Requires-Dist: networkx>=2.8; extra == "dev"
Dynamic: license-file

# incv-community-detection

Inductive Node-Splitting Cross-Validation (INCV) for community detection in network data.

## Overview

This package implements **Inductive Node-Splitting Cross-Validation (INCV)** for selecting the number of communities in Stochastic Block Models (SBMs).
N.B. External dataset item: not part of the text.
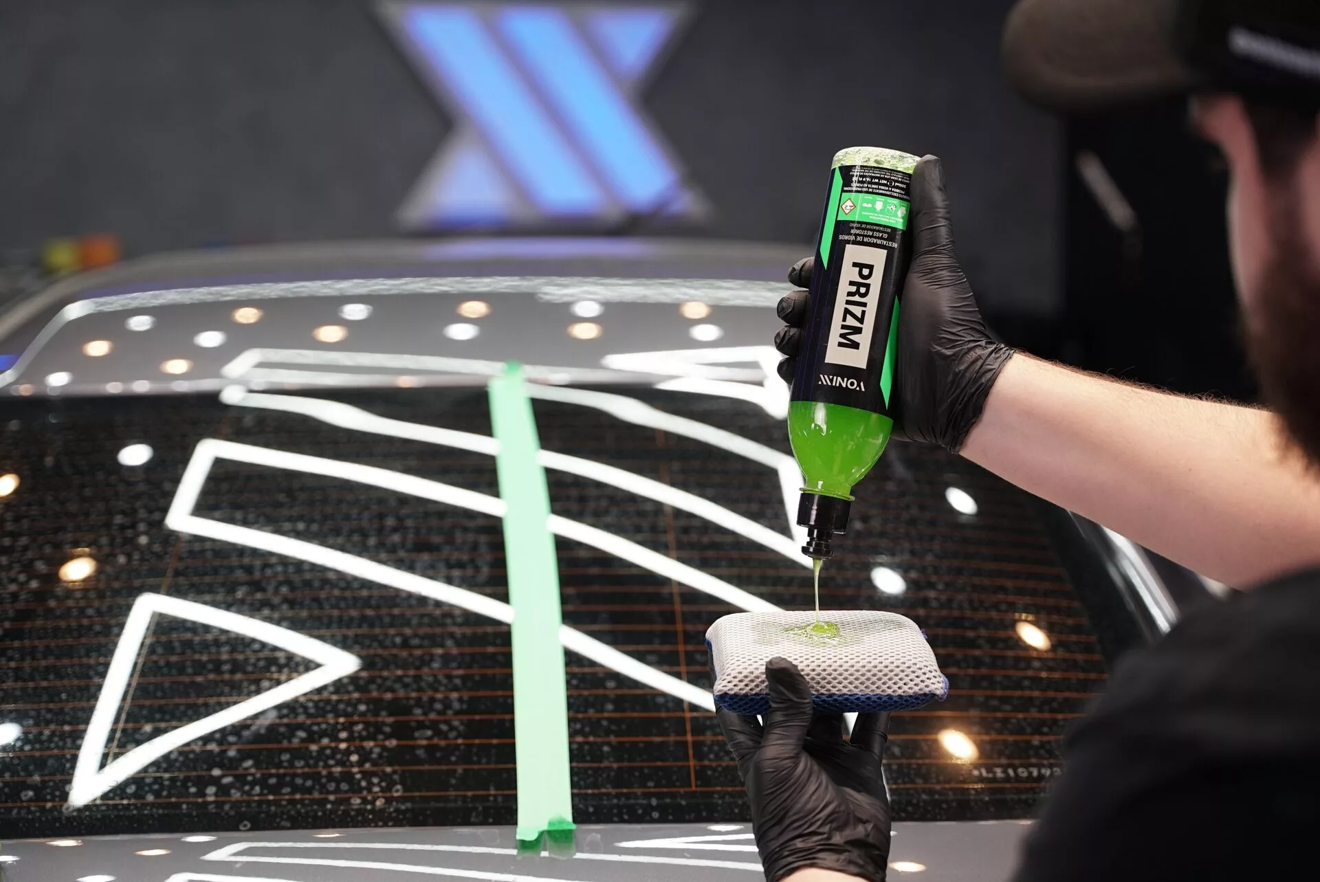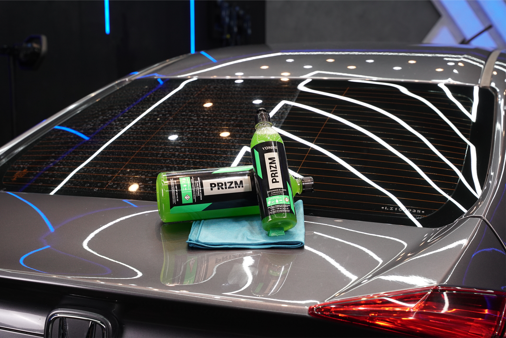 Prizm obnovuje průhlednost automobilového skla a odstraňuje zanořené vodní stopy, nečistoty a kontaminanty, které nelze odstranit běžným čištěním.

It also provides competing methods — **Edge Cross-Validation (ECV)** and **Node Cross-Validation (NCV)** — for comprehensive model selection in network analysis.

### Key features

- **INCV (f-fold and random split)**: Node-level cross-validation that splits nodes into folds, fits spectral clustering on training nodes, infers held-out node communities, and evaluates via negative log-likelihood and MSE.
- **ECV**: Edge holdout cross-validation for blockmodel selection.
- **NCV**: Node holdout cross-validation for blockmodel selection.
- **Network simulation**: Generators for SBM and planted-partition models.
- **Real-data applications**: Data loaders for International Trade and 108th U.S. Senate datasets.
- **Visualization**: CV loss curve plots, network graphs with community coloring.

## Installation

```bash
# From PyPI
pip install incv-community-detection

# Or install from GitHub
pip install git+https://github.com/ivylinzhang97/incv-community-detection.git

# With optional network plotting support
pip install "incv-community-detection[network]"
```

## Quick start

### Simulate a network and select K with INCV

```python
import numpy as np
from incv import community_sim, nscv_f_fold

rng = np.random.default_rng(42)
membership, A = community_sim(k=3, n=300, n1=60, p=0.3, q=0.1, rng=rng)

# Run 10-fold INCV
result = nscv_f_fold(A, k_vec=list(range(2, 8)), f=10, rng=rng)
print(f"Selected K (NLL): {result['k_loss']}")
print(f"Selected K (MSE): {result['k_mse']}")
```

### Compare with ECV and NCV

```python
from incv import ecv_block, ncv_select

ecv = ecv_block(A, max_K=6, B=5, rng=rng)
print(f"ECV model: {ecv['l2_model']}")

ncv = ncv_select(A, max_K=6, cv=3, rng=rng)
print(f"NCV model: {ncv['l2_model']}")
```

### Plot CV loss curves

```python
from incv import plot_cv_loss

plot_cv_loss(
    list(range(2, 8)), result["cv_loss"], result["cv_mse"],
    k_best_loss=result["k_loss"], k_best_mse=result["k_mse"],
    save_path="cv_loss.png",
)
```

## Package structure

| Module | Contents |
|--------|----------|
| `incv.core` | `community_sim()`, `community_sim_sbm()`, `sbm_spectral_clustering()`, `sbm_prob()`, `nscv_f_fold()`, `nscv_random_split()` |
| `incv.competitors` | `ecv_block()`, `ncv_select()` |
| `incv.simulations` | `sim_folds()`, `sim_community()`, `sim_compare()` |
| `incv.applications` | `load_trade_data()`, `load_senate_data()` |
| `incv.plotting` | `plot_cv_loss()`, `plot_network()`, `plot_fold_comparison()`, `plot_community_comparison()` |

## Dependencies

**Required**: numpy, scipy, scikit-learn, pandas, matplotlib

**Optional** (for network plots): networkx

## License

MIT

## Citation

If you use this package in your research, please cite the paper on Inductive Node-Splitting Cross-Validation in Networks.